The Orocos thread priorities are set during thread construction time and can be changed later on with setPriority. Priorities are integer numbers which are passed directly to the underlying OS. One can use priorities portably by using the RTT::os::LowestPriority, RTT::os::HighestPriority and RTT::os::IncreasePriority variables which are defined for each OS.

OSes that support multiple schedulers can use the setScheduler function to influence the scheduling policy of a given thread. Orocos guarantees that the ORO_SCHED_RT and ORO_SCHED_OTHER variables are defined and can be used portably. The former `hints’ a real-time scheduling policy, while the latter `hints’ a not real-time scheduling policy. Each OS may define additional variables which map more appropriately to its scheduler policies. When only one scheduling policy is available, both variables map to the same scheduler.

ThreadScope: Oscilloscope Monitoring of Orocos Threads

You can configure the OS layer at compilation time using CMake to report thread execution as block-waves on the parallel port or any other digital output device. Monitoring through the parallel port requires that a parallel port Device Driver is installed, and for Linux based OSes, that you execute the Orocos program as root.

If the Logger is active, it will log the mapping of Threads to the device’s output pins to the orocos.log file. Just before step() is entered, the pin will be set high, and when step() is left, the pin is set low again. From within any RTT activity function, you may then additionally use the ThreadScope driver as such :

  RTT::DigitalOutInterface* pp = DigitalOutInterface::nameserver.getObject("ThreadScope");
if ( pp )
    pp->setBit( this->getTask()->thread()->threadNumber(), value );

which sets the corresponding bit to a boolean value. The main thread claims pin zero, the other pins are assigned incrementally as each new Orocos thread is created.

Synchronisation Primitives

Orocos OS only provides a few synchronisation primitives, mainly for guarding critical sections.

Mutexes

There are two kinds of Mutexes : RTT::os::Mutex and RTT::os::MutexRecursive. To lock a mutex, it has a method lock(), to unlock, the method is unlock() and to try to lock, it is trylock(). A lock() and trylock() on a recursive mutex from the same thread will always succeed, otherwise, it blocks.

For ease of use, there is a RTT::os::MutexLock which gets a Mutex as argument in the constructor. As long as the MutexLock object exists, the given Mutex is locked. This is called a scoped lock.
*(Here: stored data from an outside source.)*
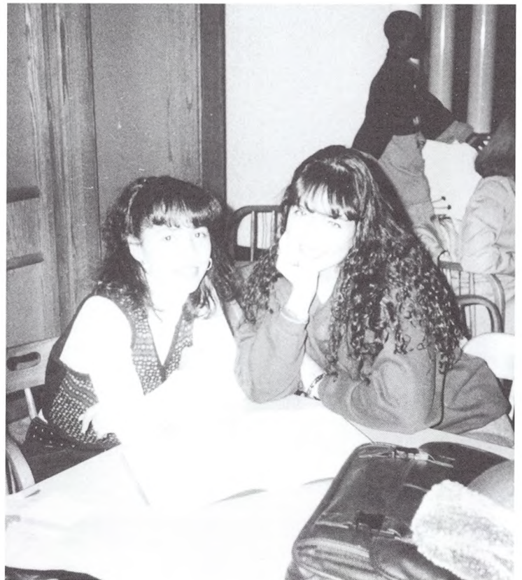
Left photo: Yes, I normally stand like this.
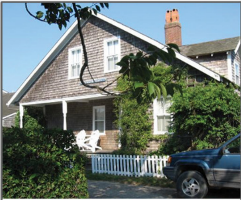
SCONSET 21 Broadway Street $2,250,000
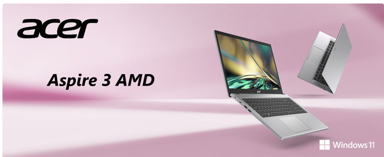
Figure 6: AMD Ryzen Processor and Radeon Graphics

The Acer Aspire 3 is powered by the AMD Ryzen 5 7520U Quad-Core Processor with AMD Radeon Graphics, 8GB LPDDR5 RAM, and a 256GB NVMe SSD. This configuration ensures smooth performance for everyday tasks, productivity applications, and light multimedia use.
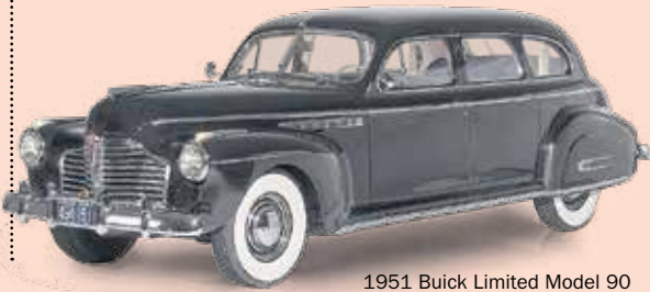
1951 Buick Limited Model 90

It's a full week for car shows in the Capital Region. PAGE 3
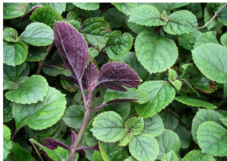
Plectranthus Plectranthus ciliatus
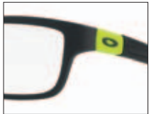
Satin Black 800501
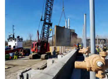
Effluent Relief Gate Repair
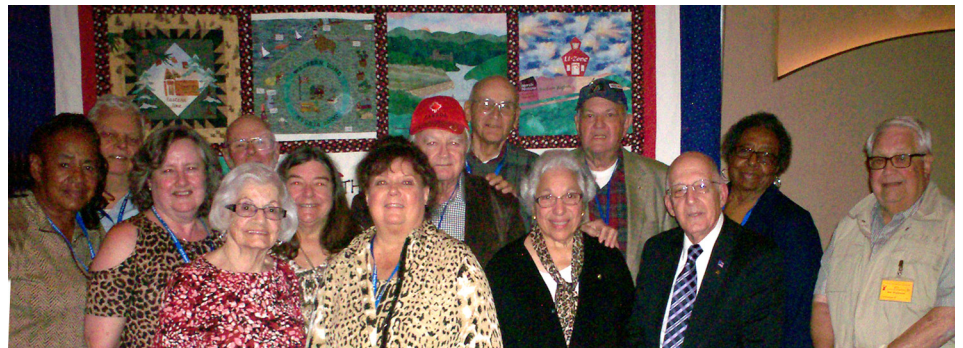
Our 2017 Convention Delegates
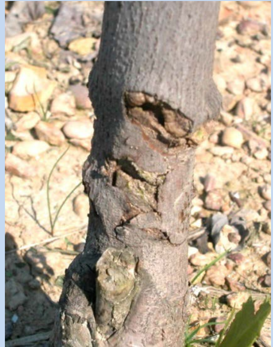
Image 5. Small trees are especially at risk from the FHAB since a single larva can complete girdle a tree as seen here.

Neonicotinoid insecticides, including imidacloprid, are potentially harmful to bees and have been the subject of recent concern. Be especially careful not to apply to plants in flower and follow the label's recommendations for minimizing bee exposure. Because of this high risk, at least one product (Mallet® 75WSP) specifically says do not apply to Tilia tree species.
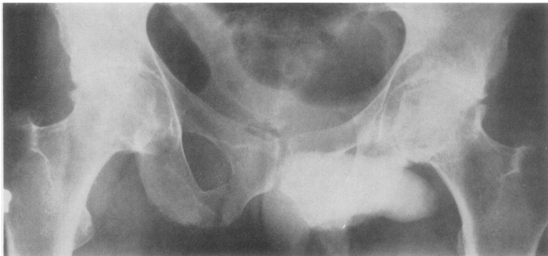
Fig. 2.—Narrowing, sclerosis, and erosive changes in the hips in a man aged 34 years (Case 4, see appendix), with an 11-year history of ankylosing spondylitis and regional enteritis.

(3) Ankylosing spondylitis was diagnosed clinically and confirmed radiologically in four males and one female, and it was thought that a fifth male might well be suffering from this disorder. Three of these six patients had an associated peripheral arthritis. Radiologically, sacro-iliitis was present in a total of eighteen patients, which
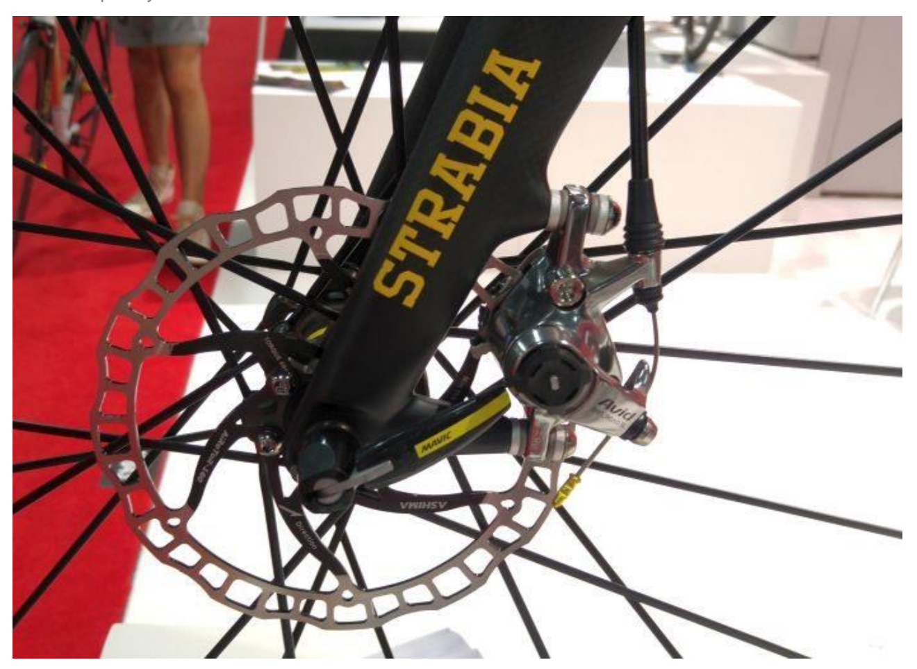
Avid BB7 mechanical disc brakes are an old standard but well-proven. This single piston design brake is simple to install and maintain. Brakes mount to the Columbus Mud fork using the post-mount standard.

The Chesini Strabia 2.0 model differs from the original 1.0 model in the dropouts. The newest version has what Chesini calls the classic "race shape" dropout. The bike utilizes regular 9mm quick releases, eschewing thruaxles completely.
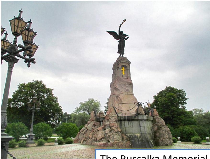
The Russalka Memorial
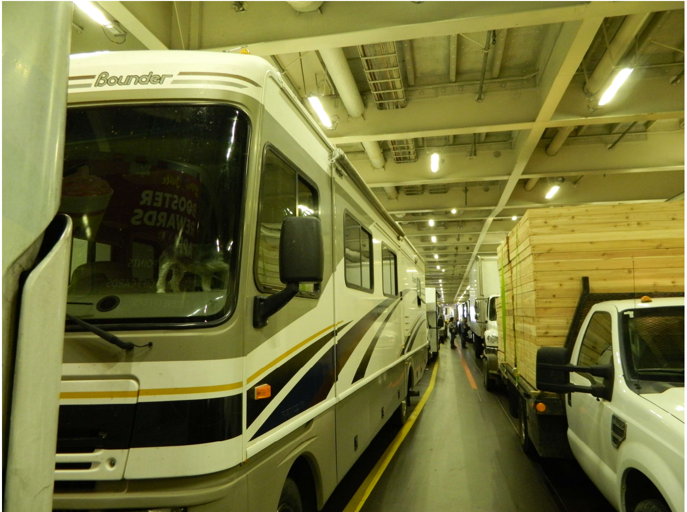
On Board the Ferry to Vancouver Island

Because we arrived early, we were nearly at the front to the line. First on means first off and we were #2 off the boat. The ferry trip was normal although Spike was not happy about being left alone for 90 minutes.
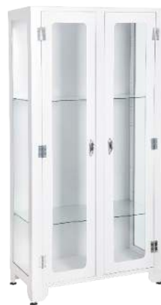
Instrument Cabinet Double Door With 5 Glass Shelves Item Code: VM-C2DA
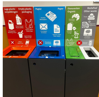
New Waste Management
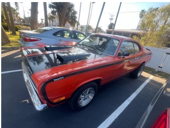
Ed Downing, Dodge Dart
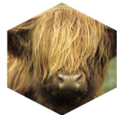
Hair and Beauty
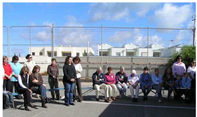
Star of the Sea Teachers, Parents and MDC Volunteers
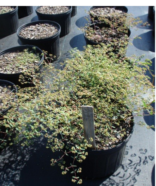
480g/L Prodiamine, 2L/ha
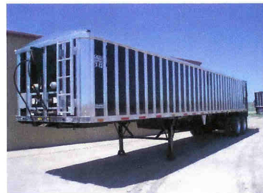
4266542 59 yard 13,650lbs

Manufactured by Valley Farm Ind. LLC of Benkelman, Nebraska
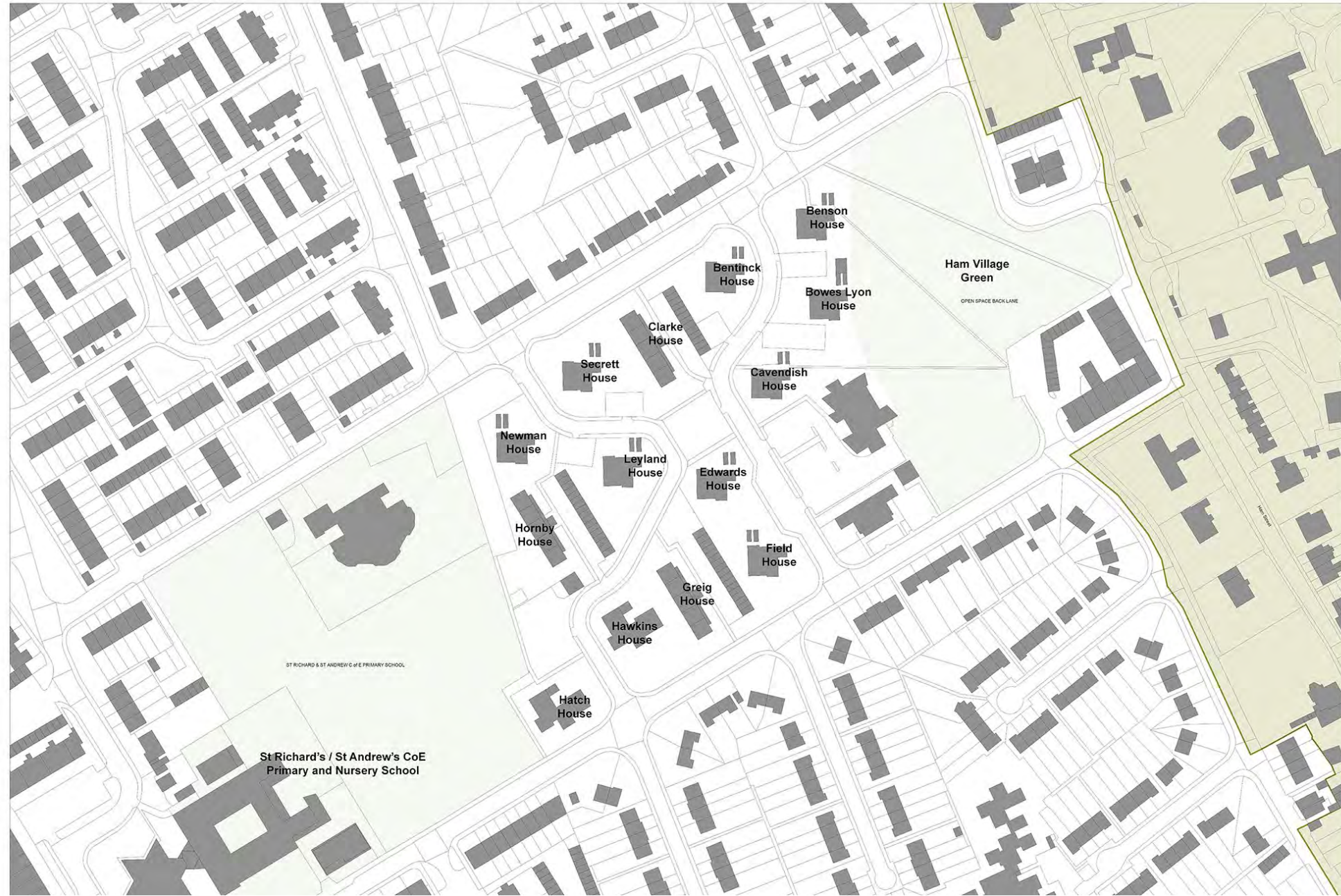
FIGURE 7. PLAN OF HAM CLOSE AS EXISTING
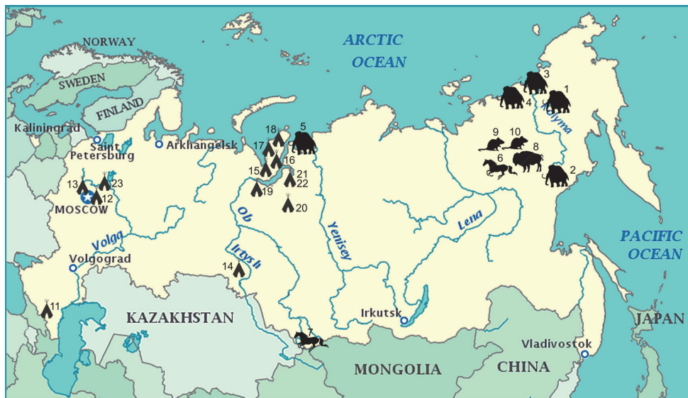
FIGURE 1. Location of Paleoparasitological investigations (the map from http://kimkardashiani.blogspot.ru ). The finds of parasites in Proboscidea: 1 – the Beryozovsky mammoth, 2 – the Kirgilyakh mammoth, 3 – the Shandrin mammoth, 4 – Berelekh mammoth cemetery, 5 – the Zhenya Mammoth; in Perissodactyla: 6 - the Selerikan horse, 7 – horse from Ukok burial; in Artiodactyla: 8 – the Indigirka bison; in Rodentia: 9 – the Indigirka ground squirrel, 10 – Egorov's narrow-skull vole. The finds of parasites at the archaeological sites: 11 – Caucasus dung deposits, 12 – Voymezchnoe, 13 – Zamostye-1, 2; 14 – Maray-1, 15 – Yarte-6, 16 – Nadym settlement, 17 – Ust-Voikar, 18 – Mangezeyya, 19 – Zeleny Yar, 20 – Kikki-Akki, 21 – Vesakoyakha, 22 – Nyamboyto, 23 – Yaroslavl Kremlin.

site's egg or as an atypical (tumour) cell (Zalenskiy, 1909). As a conservative assumption, it can be suggested that it could have occurred from a pathological or parasitological process, and one can speak about granuloma associated with multiple stomach wall hemorrhages found in this mammoth. A pathoanatomical pattern similar to that in the mammoths, characterized by the formation of granulomata and stomach wall hemorrhages, can be observed in extant elephants affected by stomach nematodes (Basson et al., 1971; Graber, 1975; Fowler and Mikota, 2006; Soulsby, 1982; Strukov and Kaufman, 1989). Buildups of the same kind were later discovered in the famous baby mammoth Dima from Kirgilyakh (Ivanova, 1981).
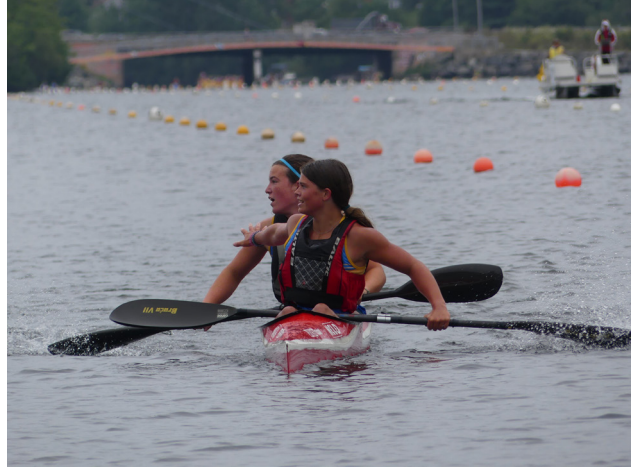
Pisiquid athlete reaches back to celebrate with their teammate at the end of their K2 race at the U12/U14 Championship

The U12/U14 Championship is the largest competetion for U12 and U14 athletes in the world with three full days of racing and nearly 1000 athletes competing on one of the best natural race courses in Canada.
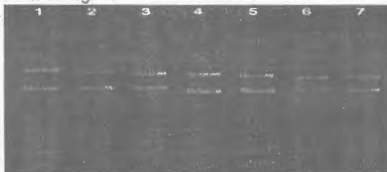
Fig. 1 The total extracted RNA of the tested rice genotype, nondegraded bands (large RNA molecules) and smeared bands (different small/large). Lanes 1-7 are for the rice genotypes Sakha101, Sakha104, Giza177, Sakha102, Giza178, Egyptian Yasmine and 08FAN6 respectively.

Total RNA was extracted from the roots of rice plants using the Simply P total RNA extraction kit (BioFlux, China), according to the manufacturer's instructions. The total RNA was extracted from each rice genotype roots after nine days of germination. The quality and integrity of the extracted RNA were assessed (as a nondegraded band) using 1.5% agarose gel. RNA purity (A260/280 ratio was determined) and the concentration was measured by spectrophotometer. RNA concentration was adjusted to 100 ng/ \mu l and stored at -80°C. Total extracted RNA of the tested rice genotypes is shown in Fig. 1.
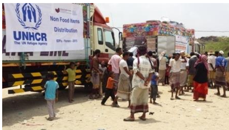
Distributions of emergency relief items in Al-Qa'is district, Hajjah Governorate provided 88 families with plastic sheeting, kitchen sets, buckets, mattresses, blankets and mats. 15 May 2015
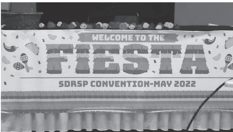
The Memorial Service honored 42 members lost in 2021-2022 by displaying a flower blossom in their memory as their name was read aloud.
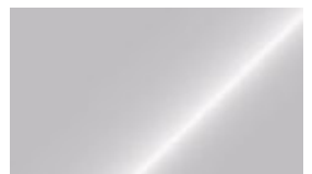
SILVER METALLIC *✓ 0

The first listing shows a complete lock over a function :

RTT::os::Mutex m;
void foo() {
   int i;
   RTT::os::MutexLock lock(m);
   // m is locked.
   // ...
} // when leaving foo(), m is unlocked.

Any scope is valid, so if the critical section is smaller than the size of the function, you can :

RTT::os::Mutex m;
void bar() {
   int i;
   // non critical section
   {
      RTT::os::MutexLock lock(m);
      // m is locked.
      // critical section
   } //  m is unlocked.
   // non critical section
   //...
}

Signals and Semaphores

Orocos provides a C++ semaphore abstraction class RTT::os::Semaphore. It is used mainly for non periodic, blocking tasks or threads. The higher level Event implementation in CoreLib can be used for thread safe signalling and data exchange in periodic tasks.

RTT::os::Semaphore sem(0); // initial value is zero.
void foo() {
   // Wait on sem, decrement value (blocking ):
   sem.wait()
   // awake : another thread did signal().

   // Signal sem, increment value (non blocking):
   sem.signal();

   // try wait on sem (non blocking):
   bool result = sem.trywait();
   if (result == false ) {
       // sem.value() was zero
   } else {
       // sem.value() was non-zero and is now decremented.
   }
}

Compare And Swap ( CAS )

CAS is a fundamental building block of the CoreLib classes for inter-thread communication and must be implemented for each OS target. See the Lock-Free sections of the CoreLib manual for Orocos classes which use this primitive.